Our Man in Paris

A few highlights from Hemingway's A Moveable Feast, which came highly recommended by a few graduating classmates about a week ago (relevant selling points included "most bad-ass opening line, ever," which is always a good sign):
Young Hemingway looks hungry.

-Hemingway's sentences
-Writing about the hunger of being a young artist (and also of skipping meals and just being hungry)
-A description of Wyndham Lewis as possessing the "eyes of an unsuccessful rapist"
-An anecdote about reassuring F. Scott Fitzgerald about his penis size and subsequently checking said penis in a restaurant bathroom to further reassure a visibly insecure Fitzgerald

Hemingway also mentions his writing process, which is characterized by both discipline and patience. He would not stop until he had finished whichever section he was working on, and also liked to think a few steps ahead:
I always worked until I had something done and I always stopped when I knew what was going to happen next. That way I could be sure of going on the next day. 
He also helpfully talks about dealing with writer's block—here's what he had to say:

I would stand and look out over the roofs of Paris and think, “Do not worry. You have always written before and you will write now. All you have to do is write one true sentence. Write the truest sentence that you know.” So finally I would write one true sentence, and then go on from there. It was easy then because there was always one true sentence that you knew or had seen or had heard someone say. 
The idea of the "truest sentence" is wise advice that I've heard from other writers—I've had the chance to ask Pulitzer Prize-winning historian Louis Menand about his writing process (he, like Hemingway, writes sentences that are extraordinarily concise and clear), and he also writes with a similar process by approaching his written work sentence by sentence, so as to make his writing as tight as possible. It also means he can finish everything in a single draft with little or no revision (but it does take about the same amount of time as writing a rough draft and doing revisions!).

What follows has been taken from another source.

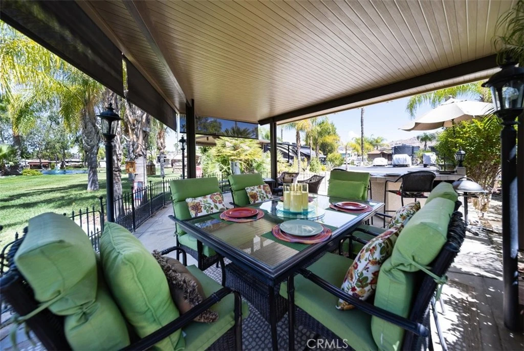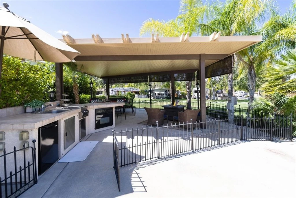 Welcome to Rancho California RV & Golf Resort *Site 42* This beautifully developed site is your own private oasis with a stream and water pond feature directly beyond the site in a park like setting with surrounding mountain views! Spacious alumawood patio cover with screens provides the perfect space for the RV Resort Lifestyle with dining, BBQ/kitchen featuring refrigerator, oven/cooktop, sink and sitting area with TV while soaking in the views. The site is fenced for pets and includes spacious parking for not only your RV but for golf cart and vehicles. Privacy shrubs on both sides of the site offer additional privacy. This truly park like setting is magical, peaceful and relaxing! Rancho California RV Resort provides amenities such as a 14 hole Executive PAR 3 Golf Course (no fees for owners), 5 Pools/Jacuzzis, Tennis courts, Pickleball courts, Dog park, Club house, hiking trails, Horseshoe lawn, onsite grocery market and restaurant. The resort is guard gated with no age restrictions. Monthly HOA fee includes "unlimited" use of the golf course, amenities, trash pickup at lot, water/sewer and common area maintenance. Financing is available!

It's reassuring to know that this approach to writing can be traced back a few generations—I'm sure many writers before Hemingway's time also advocated a similar approach. I'd think it would be helpfully to teach this approach as an alternative to the rough draft/revision approach that's widely taught in high schools, but, of course, it doesn't work for everyone.

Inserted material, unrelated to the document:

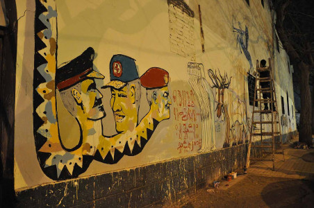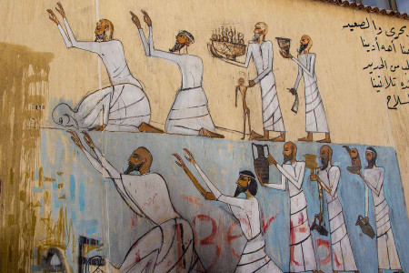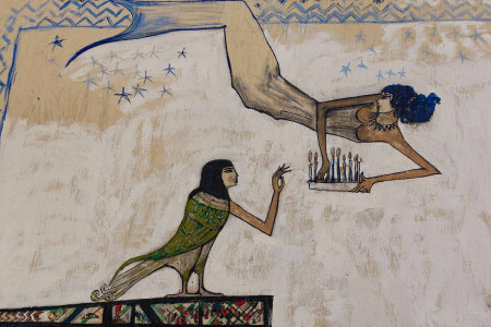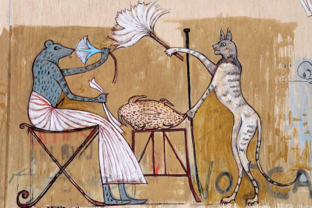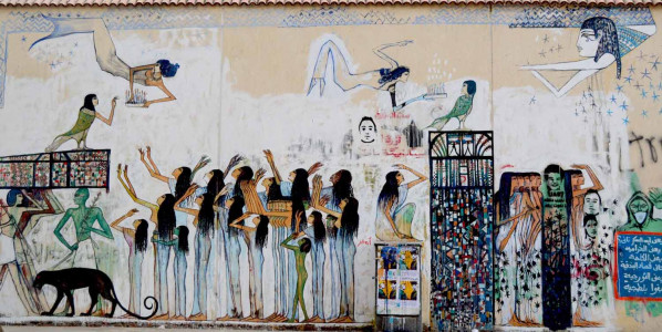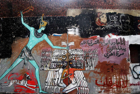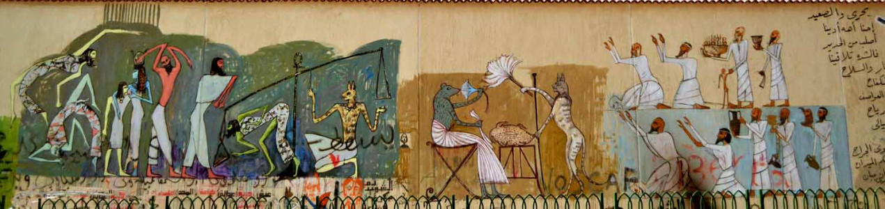 The mural from the tomb of Sobekhotep (18th dynasty) got Awad into particular trouble. In painting a row of bald and bearded men praying to and making offerings to a mouse on the throne, Awad seemed to be mocking religious zealots and members of the Muslim Brotherhood and Salafi parties. His timing was perfect; he painted the mural in late 2012, at a time when religious parties were gaining political power, a situation that generated distrust and frustration among secular protestors.

In music, too, self-editing is hugely important—both in composition and in improvisation, although it's not exactly the same in improvising since time is passing and you can't take back what you say. Hemingway writes:
If I started to write elaborately, or like someone introducing or presenting something, I found that I could cut that scrollwork or ornament out and throw it away and start with the first true simple declarative sentence I had written.
 "Less is more" seems too much of a cliché these days—instead, when you feel that you can't go on, do what Hemingway did and write the truest sentence you know.